Politicians, President Obama among them, have jumped on this bandwagon because it is an emotional appeal to the voters who lost out on the feeding frenzy that was the economic debacle, and they are milking it for every drop of anger that exists in the electorate. If you think that setting limits on executive compensation is in any way, shape or form contributing one iota to economic recovery then I want to talk to you about a good deal on a bridge in Brooklyn.

Change? This is the same old stuff, being fed to us the same old way.

Update: Wednesday, 8:45am
Don't get me wrong, I have nothing against limiting executive salaries; limit them all you want. Just don't try to convince me that doing so is any part of the solution.

Part two: everyone seems to be blaming Republicans for the resistance to this bill. I am not functionally a Republican. Democrats put as much coattail crap in this bill as Republicans did. The problem, here, is Congress and Obama's willingness to go along with them.

1 comment:

  1. Anonymous9:46 AM

    My My My... where to start? I think a reasonable executive would have approved your original request if properly documented and supported. The only reason not, if the budget truly did not allow it.

    Problems with the TARP was the banks didn't use it the way they were "supposed" to.. which means that Paulson et al were not good judges of the situation, ie thinking through the various scenarios, playing devils advocate, what is Plan B, etc.

    I have problems with this new "stimulus" bill because of the unknowns (will it work?) and the regular spending part (non-stimulus).

    Computerizing medical records will allegedly help the health care agenda by reducing manpower and overhead costs, but that's not a "stimulus" deal - that a different agenda. ANd it woudl take a lot more than what being asked for here. It would help american installation contractors and programmers, but not PC manufacturers.

    I noticed a lot of the bill included social assistance (which is probably necessary to help people & states through the effects of the recession), but this is hardly "stimulative".
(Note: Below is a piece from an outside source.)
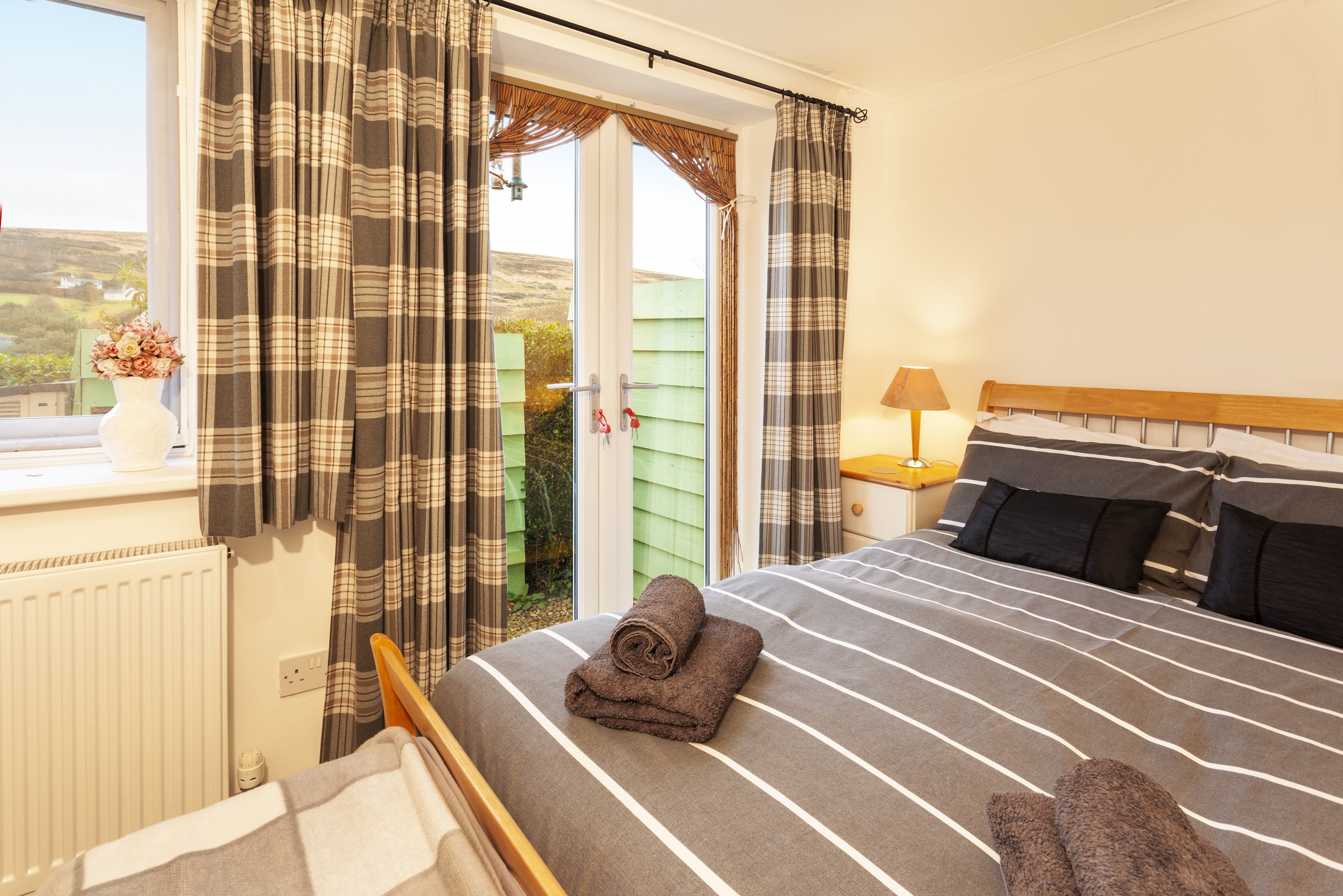 The twin bedroom is off the living area and has a Smart TV and built in wardrobe, where the hoover is stored. A hallway leads to a family bathroom with toilet, hand basin, and bath with overhead shower. The double bedroom has French doors leading out to a secure gravelled picnic area, with which includes an outdoor sofa, table, chairs and parasols and a bird feeding station. There is also a separate toilet with hand basin directly outside the main double bedroom. Both bedrooms have a TV.

    The automakers 'bailout' will in effect, simply keep them in business for a few more months, but I seriously doubt it will do anything to help them restructure. I just read last night about a tax break for car buyers. I'm notr sure how much this will help, especially since a lot of the taxes and fees are paid to the states (and local cities). They would like to see sales, of course.

    So much of this, as well as the original TARP is being thrown out there as a "solution" to a "crisis" with "emergency" action needed, etc etc. Maybe they are trying to get this to pass without close inspection and debate.

    The way this money (OUR money) is being bandied about needs serious debate. We elected these people to be caretakers of the country.

    Executive compensation is agreeably a drop in the bucket compared to the rest of it. I don't know that it is our/legislators purview to do that, is it justifiably the shareholders duty. And it's agreeably not part of the economic solution. Having said that, I think that "bonuses" given automatically is not a "bonus for performance", but part of regular compensation. And a "bonus" should be directly tied to performance - if the company tanks, why in God's name should you be getting a bonus?

    Oh and while we're on that subject, what about the highly paid, lavishly perked legislators? (especially the useless ones in Sacramento). Don't get me started on them.

    Yes, the politicians are grandstanding and postureing and so on ad nauseum. And it certainly looks like more of the same. Ok, I'm not holding my breath for change of that sort, and yes, you have a ways to go. Still too early to tell much of anything, and I'm certainly willing to give you that chance. Please pay attention, President Obama (and Congress). We the people can effect change too, like voting you out of office.

    As far as Dems and Rubs are concerned, a politician is a politician. They all have a hand in it, good and bad.